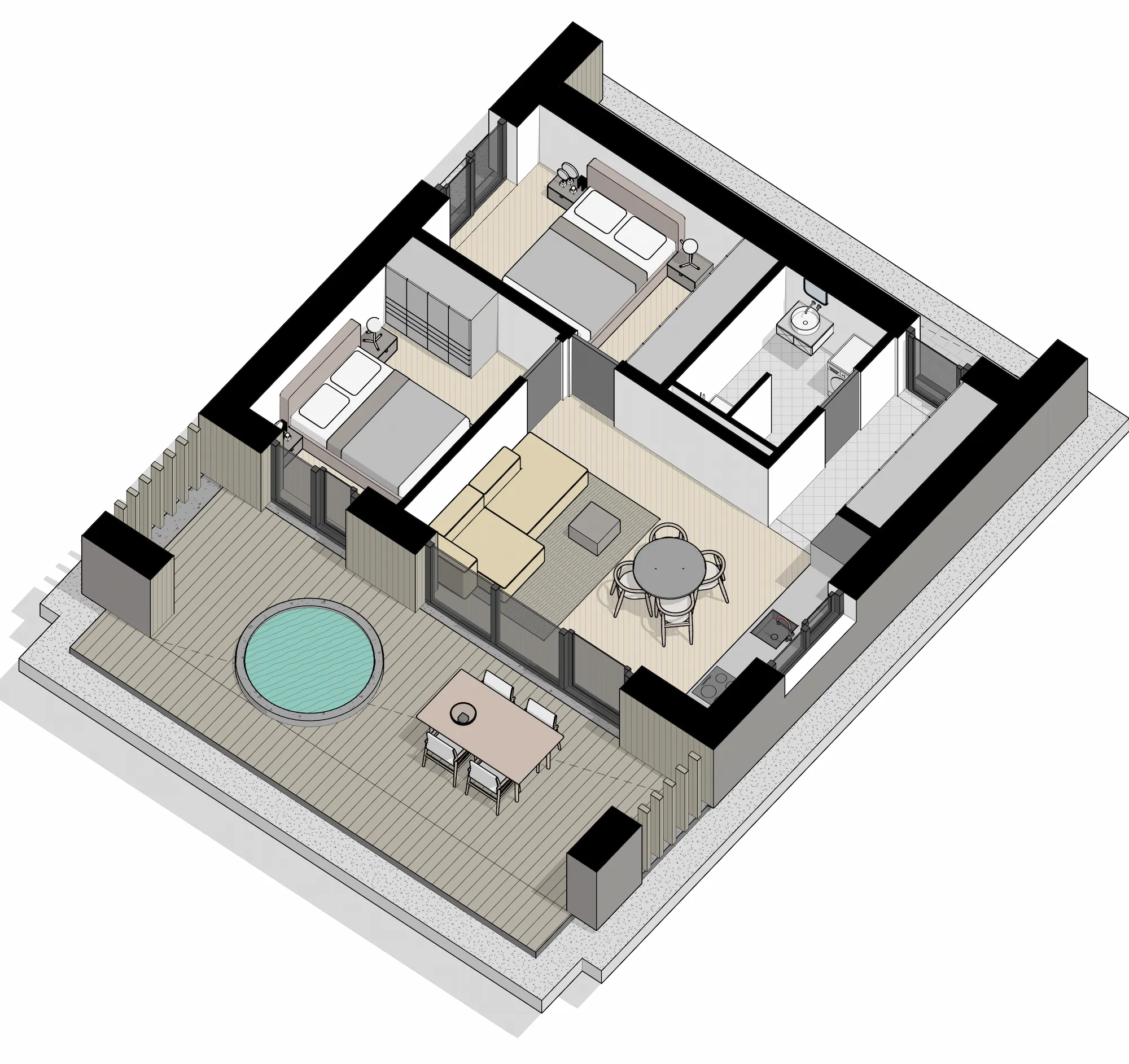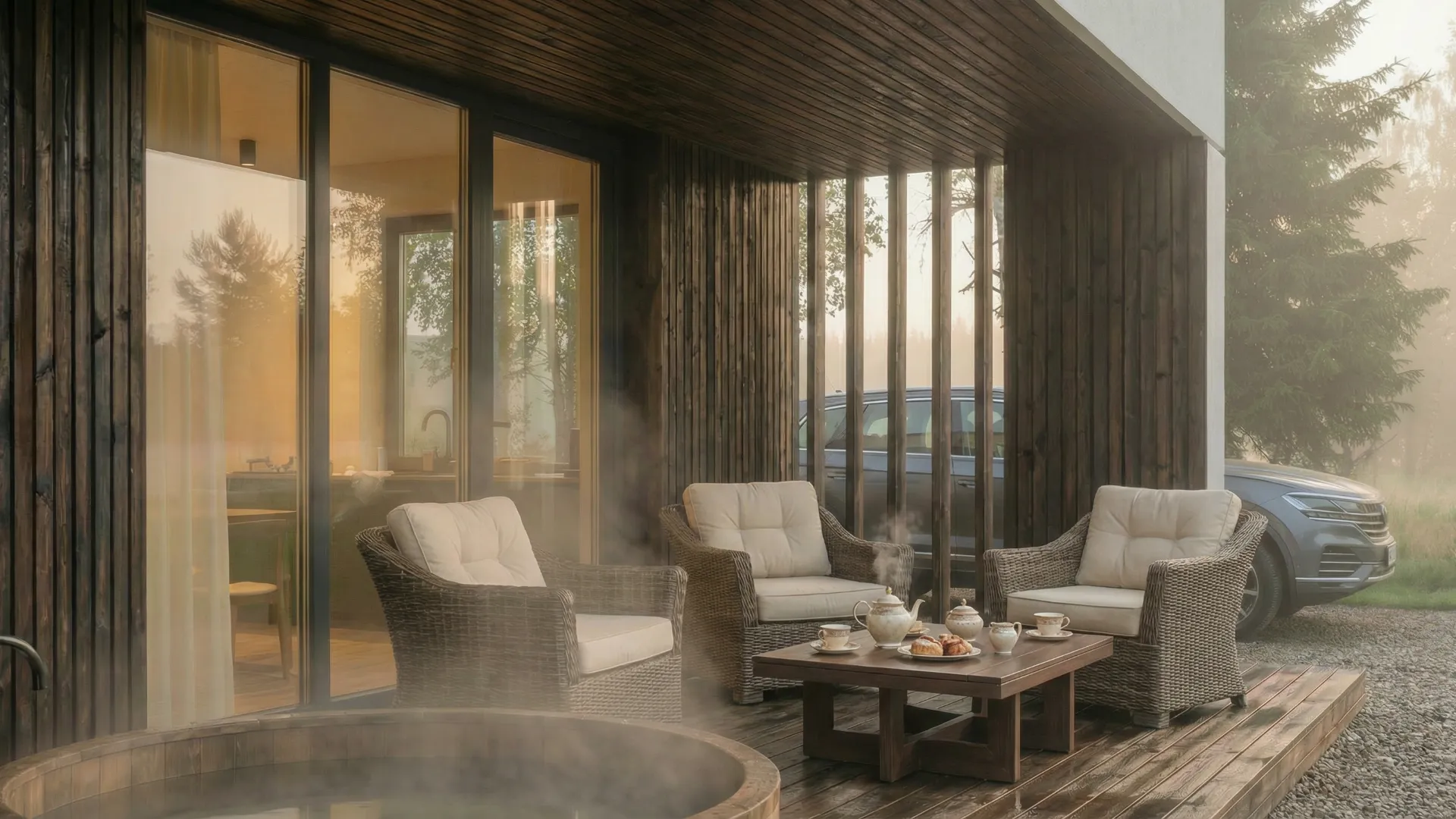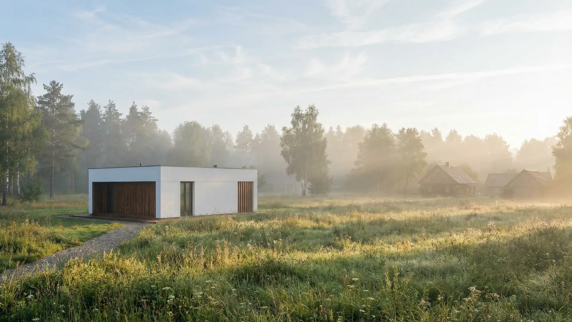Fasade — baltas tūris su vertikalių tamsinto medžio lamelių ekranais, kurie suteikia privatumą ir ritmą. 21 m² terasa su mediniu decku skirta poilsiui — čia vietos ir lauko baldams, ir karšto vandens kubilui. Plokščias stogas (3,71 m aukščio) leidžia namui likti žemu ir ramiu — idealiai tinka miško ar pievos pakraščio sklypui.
* * *
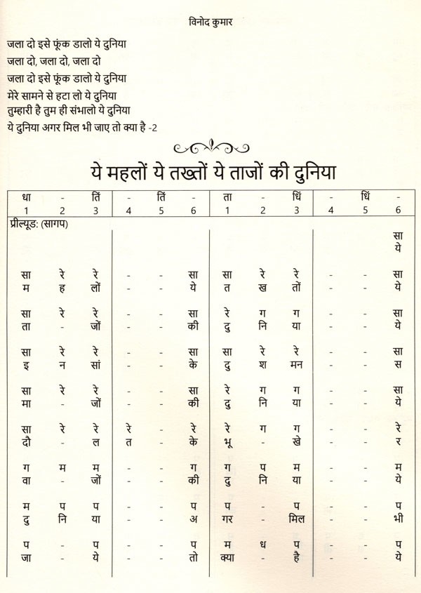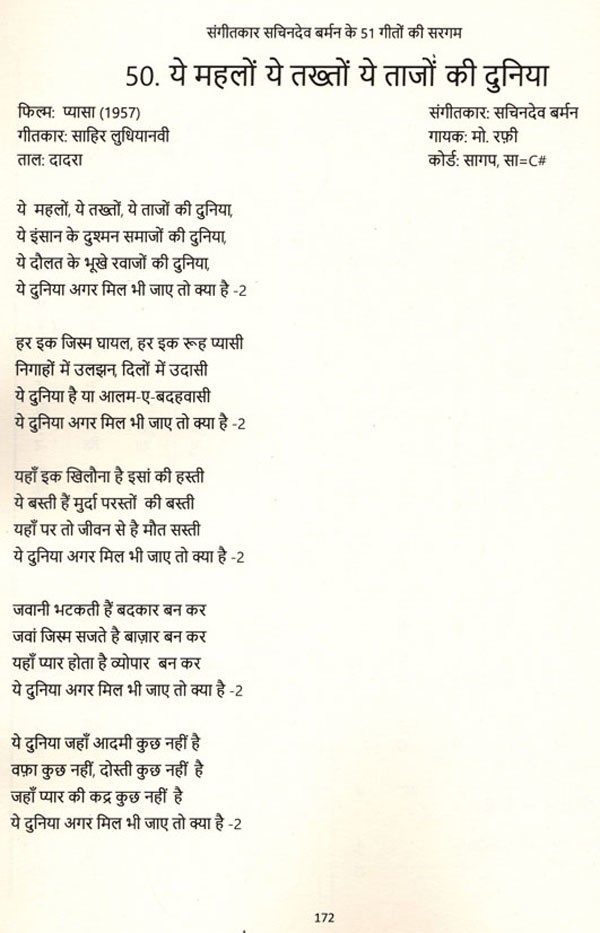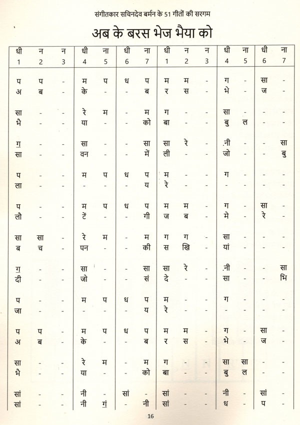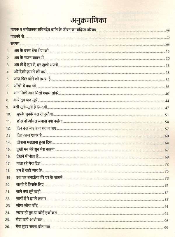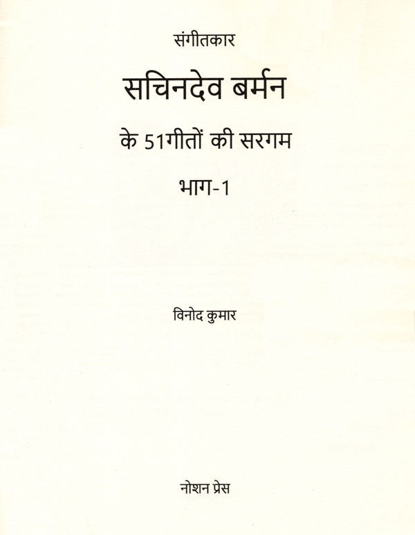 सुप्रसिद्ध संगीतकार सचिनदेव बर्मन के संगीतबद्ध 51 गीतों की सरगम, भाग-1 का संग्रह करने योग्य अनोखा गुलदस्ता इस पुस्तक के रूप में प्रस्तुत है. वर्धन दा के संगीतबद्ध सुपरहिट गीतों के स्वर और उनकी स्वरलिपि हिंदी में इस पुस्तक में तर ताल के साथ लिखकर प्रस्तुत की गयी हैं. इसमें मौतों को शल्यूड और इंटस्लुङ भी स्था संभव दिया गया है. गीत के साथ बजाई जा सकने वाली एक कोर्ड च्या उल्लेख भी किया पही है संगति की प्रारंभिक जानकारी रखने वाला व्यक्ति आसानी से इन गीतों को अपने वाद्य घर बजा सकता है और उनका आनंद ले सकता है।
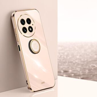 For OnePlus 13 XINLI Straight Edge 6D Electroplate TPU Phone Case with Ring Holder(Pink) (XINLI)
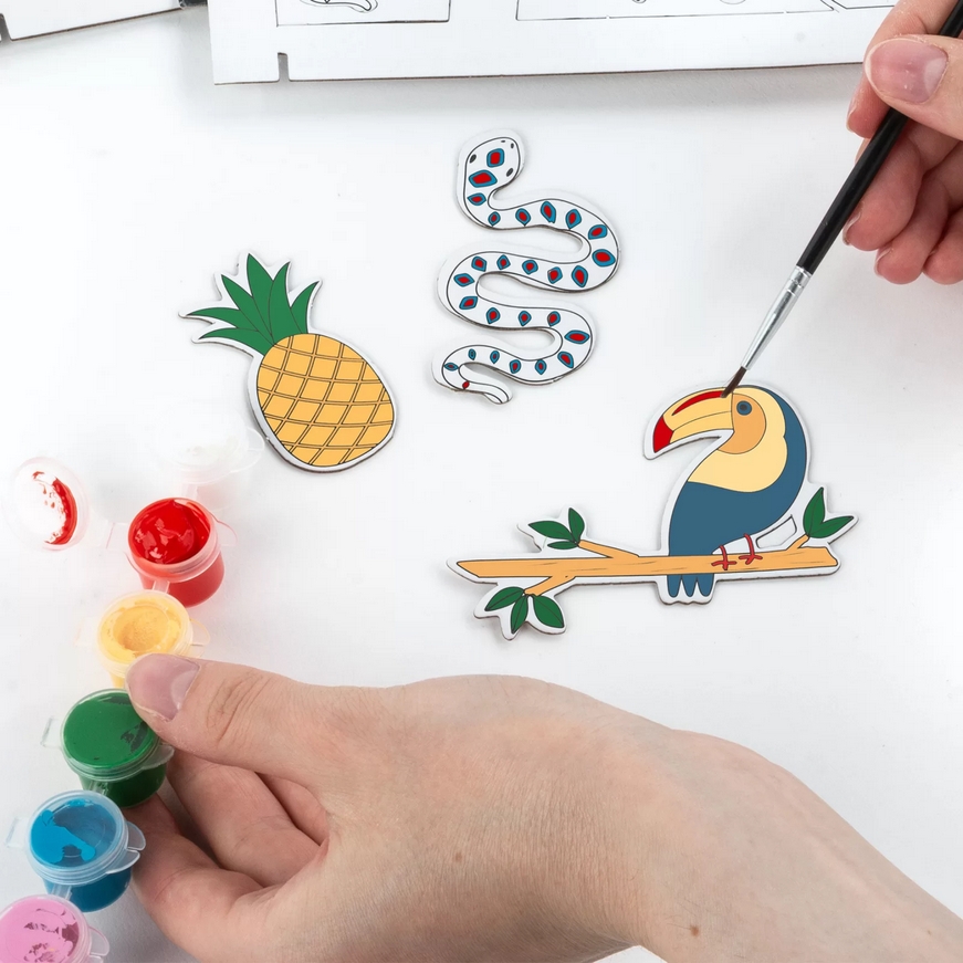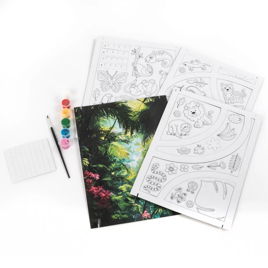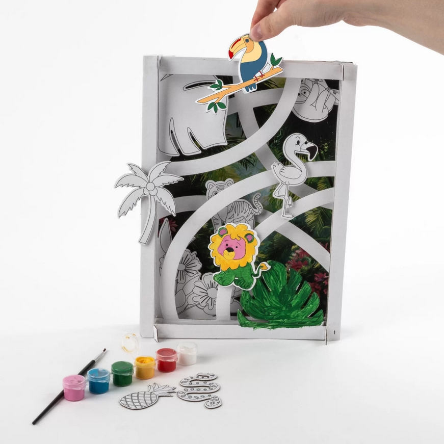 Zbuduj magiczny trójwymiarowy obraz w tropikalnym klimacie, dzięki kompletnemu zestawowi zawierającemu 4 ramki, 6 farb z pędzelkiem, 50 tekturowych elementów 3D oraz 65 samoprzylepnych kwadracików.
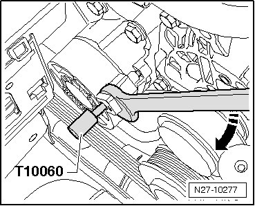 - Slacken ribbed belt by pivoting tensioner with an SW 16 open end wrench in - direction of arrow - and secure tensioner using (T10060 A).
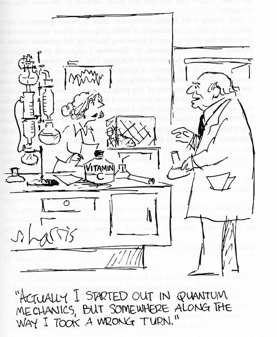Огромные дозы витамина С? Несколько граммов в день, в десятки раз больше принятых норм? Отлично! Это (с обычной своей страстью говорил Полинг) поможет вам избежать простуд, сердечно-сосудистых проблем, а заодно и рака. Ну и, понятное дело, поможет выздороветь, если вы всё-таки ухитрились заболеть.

* ACTIVITY:
Copy only what runs above from the line containing "सुप्रसिद्ध संगीतकार सचिनदेव" through the line containing "- Slacken ribbed", exactly. Leave out the pictures.

* EXERCISE RESULT:
 सुप्रसिद्ध संगीतकार सचिनदेव बर्मन के संगीतबद्ध 51 गीतों की सरगम, भाग-1 का संग्रह करने योग्य अनोखा गुलदस्ता इस पुस्तक के रूप में प्रस्तुत है. वर्धन दा के संगीतबद्ध सुपरहिट गीतों के स्वर और उनकी स्वरलिपि हिंदी में इस पुस्तक में तर ताल के साथ लिखकर प्रस्तुत की गयी हैं. इसमें मौतों को शल्यूड और इंटस्लुङ भी स्था संभव दिया गया है. गीत के साथ बजाई जा सकने वाली एक कोर्ड च्या उल्लेख भी किया पही है संगति की प्रारंभिक जानकारी रखने वाला व्यक्ति आसानी से इन गीतों को अपने वाद्य घर बजा सकता है और उनका आनंद ले सकता है।
 For OnePlus 13 XINLI Straight Edge 6D Electroplate TPU Phone Case with Ring Holder(Pink) (XINLI)
 Zbuduj magiczny trójwymiarowy obraz w tropikalnym klimacie, dzięki kompletnemu zestawowi zawierającemu 4 ramki, 6 farb z pędzelkiem, 50 tekturowych elementów 3D oraz 65 samoprzylepnych kwadracików.
 - Slacken ribbed belt by pivoting tensioner with an SW 16 open end wrench in - direction of arrow - and secure tensioner using (T10060 A).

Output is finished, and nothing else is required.